Among the many game genres available, the Survivors-like category was chosen for very pragmatic reasons:
- Manageable project scope: Not as massive and hard to finish as an RPG, yet not so simple that it fails to showcase AI programming capabilities
- Clear gameplay framework: Survivors-like games have a mature design paradigm (auto-attack, upgrade choices, enemy waves, etc.), making them ideal as experimental projects for AI-assisted development
- Strong extensibility: Start with a 2D version, then potentially evolve it into 3D later
The explosion of the Survivors-like genre can be traced back to 2022, when Italian indie developer Luca Galante created Vampire Survivors. This game — priced at just a few dollars with extremely rudimentary graphics — sold millions of copies on Steam thanks to its incredibly addictive core loop: "Kill monsters → Gain experience → Choose weapon/passive upgrades → Face stronger enemy waves." It spawned an entirely new game sub-genre. Since then, titles like Survivor.io, Brotato, and Soulstone Survivors have flooded the market, proving the powerful vitality of this gameplay framework. For AI-assisted development, the Survivors-like genre's advantage lies in its high degree of system modularity: weapon systems, upgrade systems, enemy spawning systems, experience/loot systems — all can be developed and tested relatively independently, making them perfect for iterative development.
For art style, the initial plan is to use a minimalist polygon style, with the option to replace assets with AI-generated ones later. This is a smart strategy — get the gameplay working first, then polish the visuals, avoiding the trap of getting bogged down in art assets early on.
Why Godot Instead of Unity or Unreal?
This is a question many developers care about, and several key reasons were given:
First, text-based file formats. Godot was designed from the ground up with version control in mind. Whether it's script files (.gd), scene files (.tscn), or resource files, the vast majority are in plain text format. This not only makes Git management easy but, more importantly — AI can directly generate and modify these files.
Specifically, Godot's .tscn (Text Scene) files use an INI-like plain text structure, with [node] tags describing node hierarchy relationships and [ext_resource] referencing external resources. For example, a simple scene file might look like this: node names, types, parent relationships, and property values are all presented as readable text. Similarly, .tres (Text Resource) files are plain text used to store materials, themes, animations, and other resource data. By comparison, Unity's .unity scene files, while also in YAML-based text format, contain numerous GUID references and serialized binary data references, making them far less readable than Godot's. Unreal's .umap and .uasset files are entirely binary formats that neither humans nor AI can directly read or edit. This means that in a Vibe Coding scenario, AI can not only generate GDScript code but also directly "write" complete scene files and resource files, achieving true end-to-end automation.
Second, the "white box" advantage of open source. Godot is a fully open-source game engine, which means its internal implementation is transparent to AI large language models. Unity and Unreal, on the other hand, are more like "black boxes" to AI — many underlying mechanisms are unknown to the AI, which directly impacts code generation quality.

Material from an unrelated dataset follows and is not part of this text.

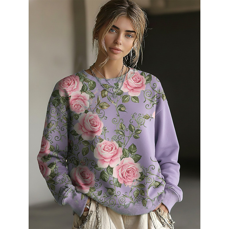 Women's Pullover Sweatshirt Floral Casual Long Sleeve Crew Neck Regular Tops Street Dailywear Casual Blue Purple Spring Fall Winter

This "white box" advantage deserves further elaboration. The programming capabilities of current mainstream AI models (such as GPT-4, Claude, etc.) come from the massive amount of code in their training data. Godot's complete source code is hosted on GitHub with over 90,000 stars — its C++ core implementation, GDScript interpreter logic, and rendering pipeline code are all publicly indexable. This means AI models have "read" Godot's internal implementation during training and understand the real behavior behind its APIs. Unity's core runtime (C++ layer) is closed-source, so developers and AI can only infer underlying behavior through official documentation and the C# API layer. While Unreal does provide source code access, it requires signing an agreement, and the codebase is enormous (millions of lines of C++), meaning AI's depth and accuracy of understanding is far inferior to that of the smaller, more clearly structured Godot. In practice, this difference manifests as: AI-generated code for Godot is less likely to exhibit the "looks correct but behaves unexpectedly at runtime" problem.
This perspective is worth pondering. In the era of AI-assisted programming, a tool's "AI-friendliness" is becoming an important dimension for technology selection.
Toolchain Setup: Git + Cursor + Godot
Version Control: An Indispensable Safety Net for AI Programming
It was particularly emphasized that version control tools are especially important when using AI-assisted programming. AI-generated code can introduce unexpected issues, and with Git you can always roll back.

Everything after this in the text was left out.